Provided records
= = =

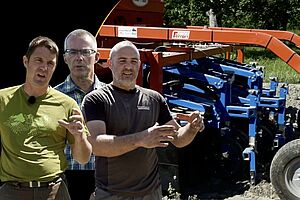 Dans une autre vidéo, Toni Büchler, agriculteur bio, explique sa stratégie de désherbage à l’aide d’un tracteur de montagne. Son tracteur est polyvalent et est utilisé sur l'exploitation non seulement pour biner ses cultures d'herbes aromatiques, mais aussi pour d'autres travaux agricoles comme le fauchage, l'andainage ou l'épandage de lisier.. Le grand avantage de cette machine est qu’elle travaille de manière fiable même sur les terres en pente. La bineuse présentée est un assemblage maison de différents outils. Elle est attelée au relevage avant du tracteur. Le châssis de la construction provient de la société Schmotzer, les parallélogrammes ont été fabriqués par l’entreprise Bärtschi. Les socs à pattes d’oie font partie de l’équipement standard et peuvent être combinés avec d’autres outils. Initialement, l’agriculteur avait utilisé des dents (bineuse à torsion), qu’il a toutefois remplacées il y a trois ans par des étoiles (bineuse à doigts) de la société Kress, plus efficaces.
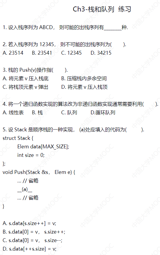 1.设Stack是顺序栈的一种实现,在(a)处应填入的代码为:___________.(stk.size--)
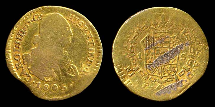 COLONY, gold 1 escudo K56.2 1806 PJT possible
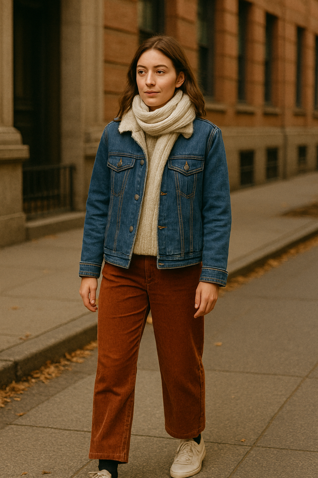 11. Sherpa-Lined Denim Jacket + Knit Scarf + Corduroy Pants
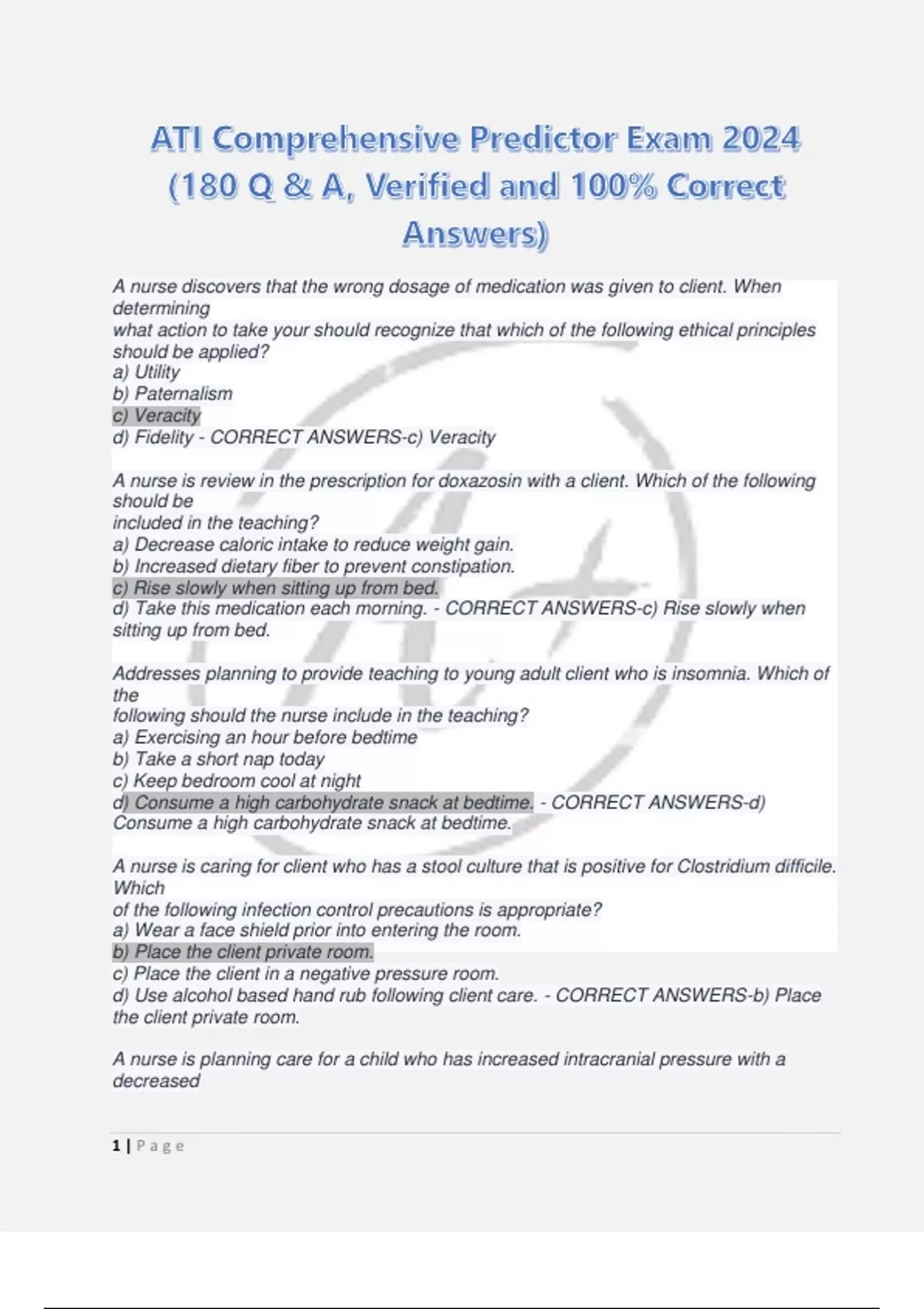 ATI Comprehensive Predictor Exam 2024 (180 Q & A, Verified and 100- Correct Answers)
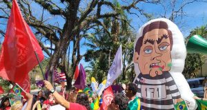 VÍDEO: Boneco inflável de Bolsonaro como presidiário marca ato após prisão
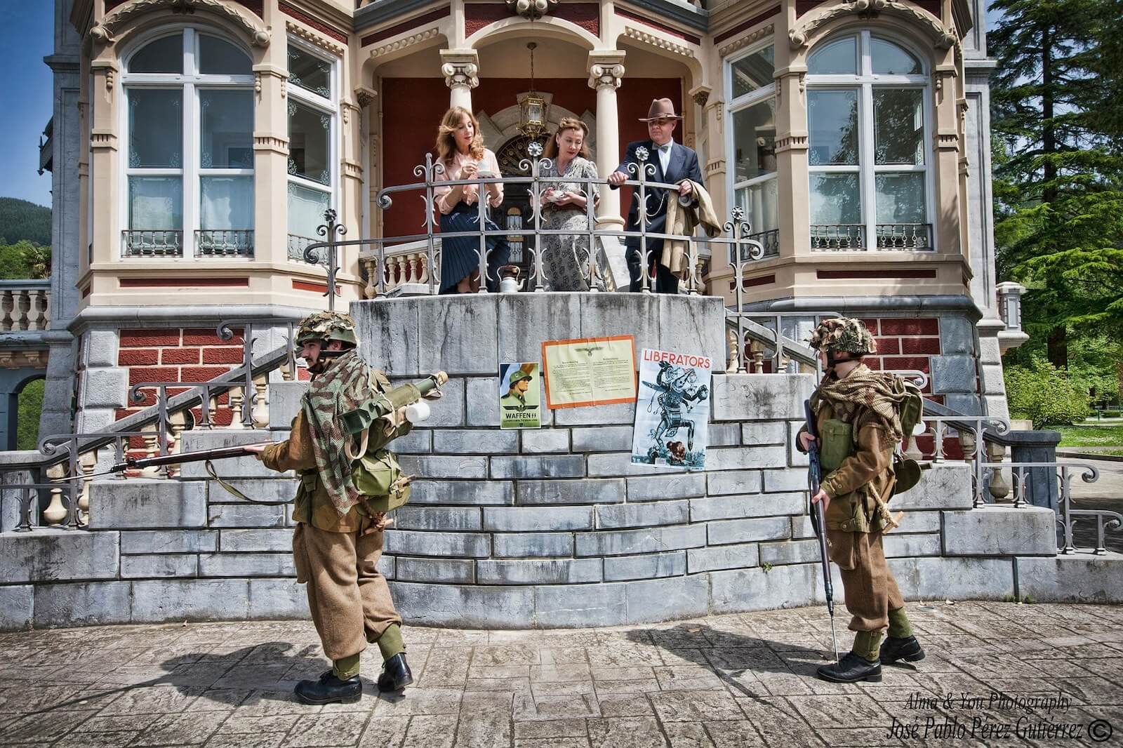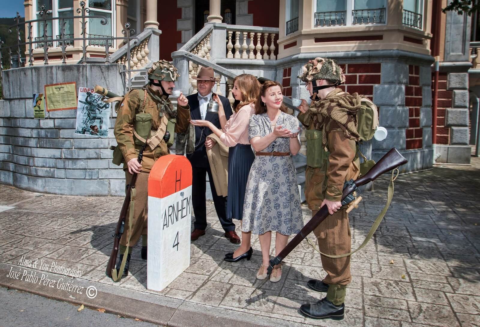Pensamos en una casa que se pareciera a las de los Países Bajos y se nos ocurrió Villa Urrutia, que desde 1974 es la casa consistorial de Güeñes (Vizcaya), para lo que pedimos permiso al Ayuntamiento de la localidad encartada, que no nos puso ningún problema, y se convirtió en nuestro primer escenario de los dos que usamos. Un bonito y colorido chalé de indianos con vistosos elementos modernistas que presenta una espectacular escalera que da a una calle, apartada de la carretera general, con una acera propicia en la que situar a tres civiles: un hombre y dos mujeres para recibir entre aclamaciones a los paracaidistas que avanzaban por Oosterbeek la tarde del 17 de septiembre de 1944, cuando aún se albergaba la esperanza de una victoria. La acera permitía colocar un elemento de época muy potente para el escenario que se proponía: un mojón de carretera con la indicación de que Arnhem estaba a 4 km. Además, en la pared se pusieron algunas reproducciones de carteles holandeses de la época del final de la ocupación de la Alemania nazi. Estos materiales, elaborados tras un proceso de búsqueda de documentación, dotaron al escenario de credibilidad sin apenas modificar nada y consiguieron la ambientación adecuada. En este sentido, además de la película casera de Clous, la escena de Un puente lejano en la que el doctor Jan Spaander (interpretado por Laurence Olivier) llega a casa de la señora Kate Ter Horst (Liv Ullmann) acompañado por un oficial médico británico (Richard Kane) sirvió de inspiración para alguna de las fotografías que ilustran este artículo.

= = =

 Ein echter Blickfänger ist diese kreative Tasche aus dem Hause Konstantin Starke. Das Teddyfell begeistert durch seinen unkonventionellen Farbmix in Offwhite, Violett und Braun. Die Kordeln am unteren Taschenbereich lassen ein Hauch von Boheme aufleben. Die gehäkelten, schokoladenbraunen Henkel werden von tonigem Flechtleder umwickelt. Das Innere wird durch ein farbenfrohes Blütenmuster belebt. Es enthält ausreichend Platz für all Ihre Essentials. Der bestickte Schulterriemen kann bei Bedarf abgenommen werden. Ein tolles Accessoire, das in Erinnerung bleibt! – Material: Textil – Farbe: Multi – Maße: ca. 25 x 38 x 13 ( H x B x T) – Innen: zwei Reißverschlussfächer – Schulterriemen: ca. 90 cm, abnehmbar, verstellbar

= = =

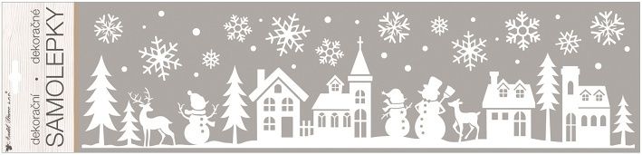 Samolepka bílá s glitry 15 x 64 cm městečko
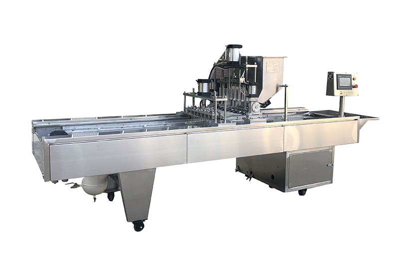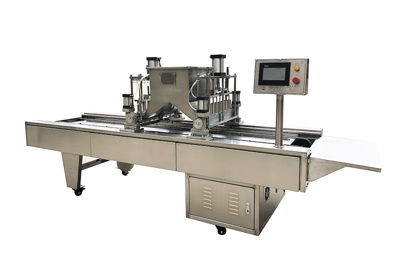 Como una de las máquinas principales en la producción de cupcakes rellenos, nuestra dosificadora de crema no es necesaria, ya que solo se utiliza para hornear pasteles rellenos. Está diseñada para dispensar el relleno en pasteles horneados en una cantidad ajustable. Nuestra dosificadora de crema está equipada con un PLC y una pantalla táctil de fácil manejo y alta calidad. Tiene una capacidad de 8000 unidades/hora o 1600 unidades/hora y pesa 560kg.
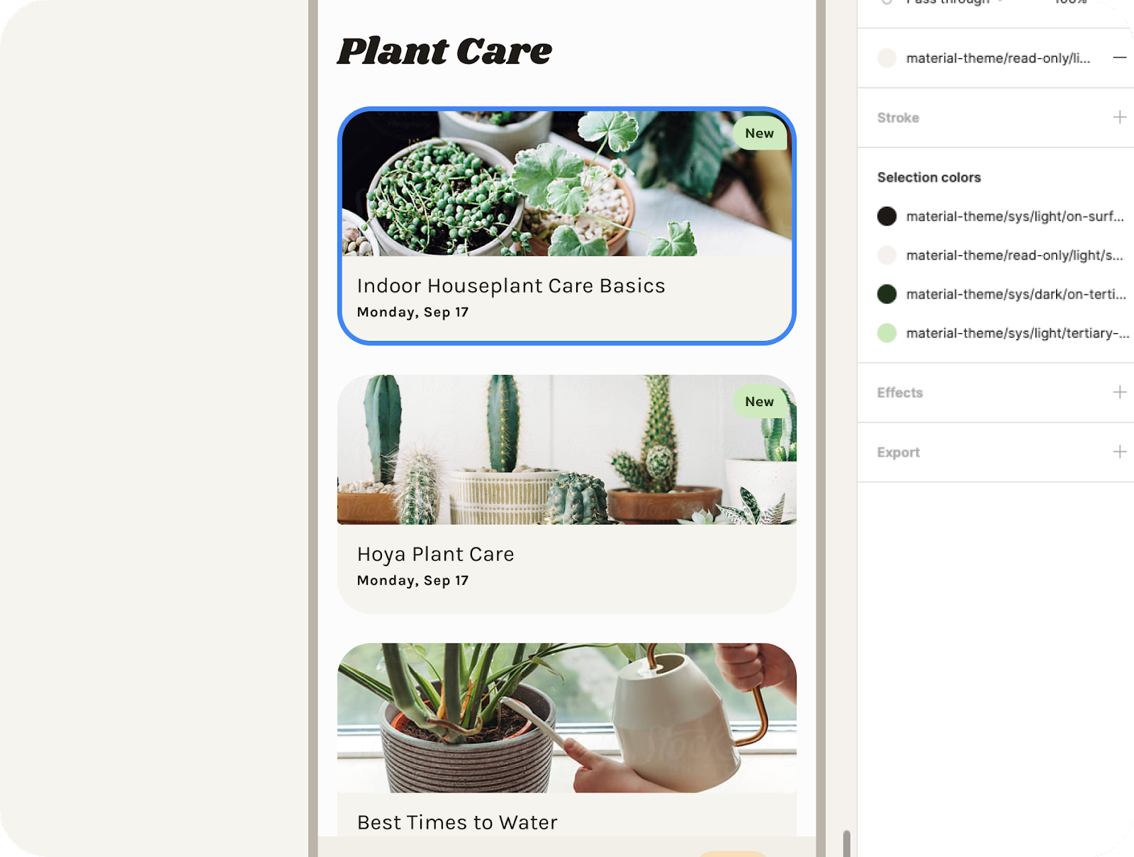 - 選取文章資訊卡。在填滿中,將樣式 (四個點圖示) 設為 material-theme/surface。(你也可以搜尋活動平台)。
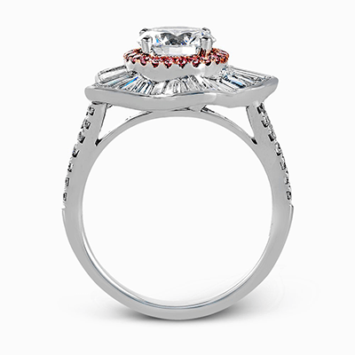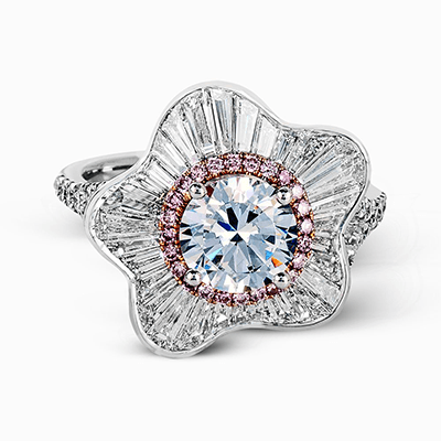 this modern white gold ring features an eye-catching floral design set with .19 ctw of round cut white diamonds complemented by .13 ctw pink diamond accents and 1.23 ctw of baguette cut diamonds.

= = =

Work instruction
The lines above from the line with "ATI Comprehensive Predictor" through the line with "VÍDEO: Boneco inflável" are to be given again word for word, with no pictures among them.

Task answer
 ATI Comprehensive Predictor Exam 2024 (180 Q & A, Verified and 100- Correct Answers)
 VÍDEO: Boneco inflável de Bolsonaro como presidiário marca ato após prisão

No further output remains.